Indirectly, bullets can damage the CNS by way of bleeding. This is accomplished by putting a large enough hole through a vital enough blood vessel or blood-bearing organ. If blood-flow is completely cut off from the brain, a human still has enough oxygenated blood in their brain for 10 seconds of willful action. Considering that a person's higher brain functions will usually shut down in a life-or-death situation, this figure might actually be a bit low.
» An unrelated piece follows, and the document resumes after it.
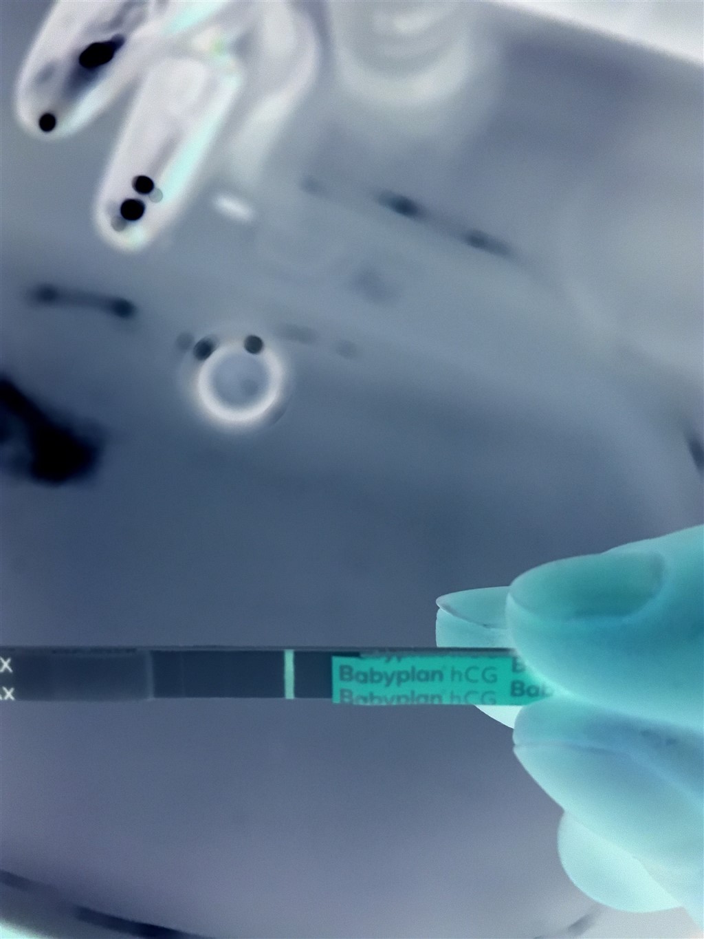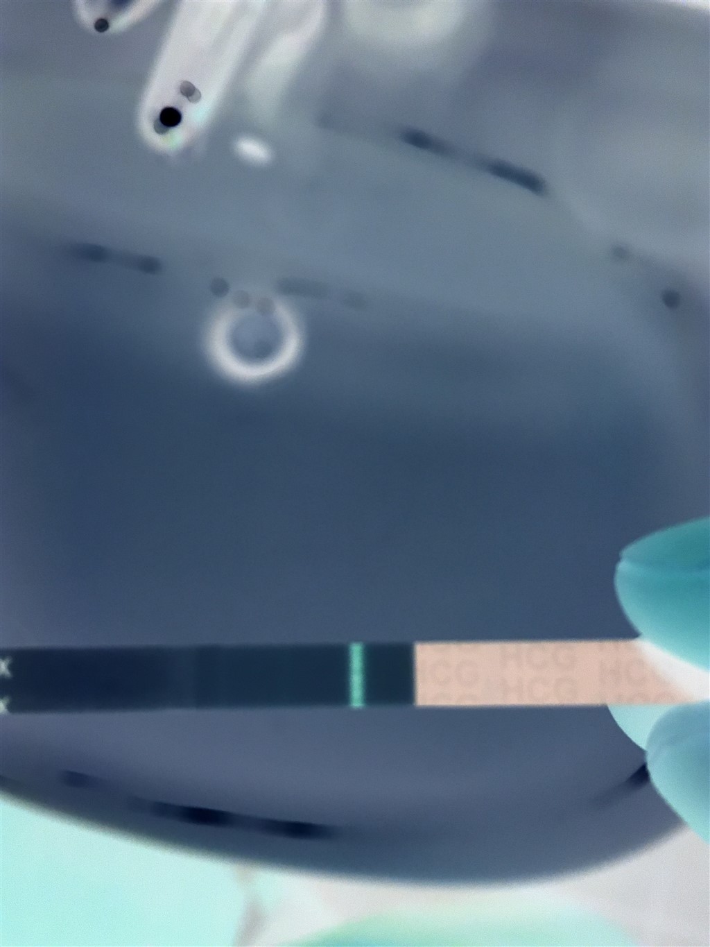 Jeg tog en test af samme type som i går (den ekstra følsomme) samt en almindelig strimmeltest. Kunne dog kun tage den efter tre timer, da det var så længe jeg max kunne holde mig i nat (i dagtimerne i gør tissede jeg mindst en gang i timen), så det var selvfølgelig ikke så koncentreret, som det gerne måtte have været.

Major blood vessels include the superior aorta, inferior aorta, vena cava, brachial arteries, femoral arteries, carotid arteries, and jugular veins.
Major blood-bearing organs include the heart, kidneys, and liver.
Unless a bullet strikes and damages a CNS structure, there is absolutely no physiological reason for a person to be instantly incapacitated, and unless the bullet crushes a large enough hole in a major blood vessel or a major blood-bearing organ, there is no physiological reason for them to be incapacitated at all.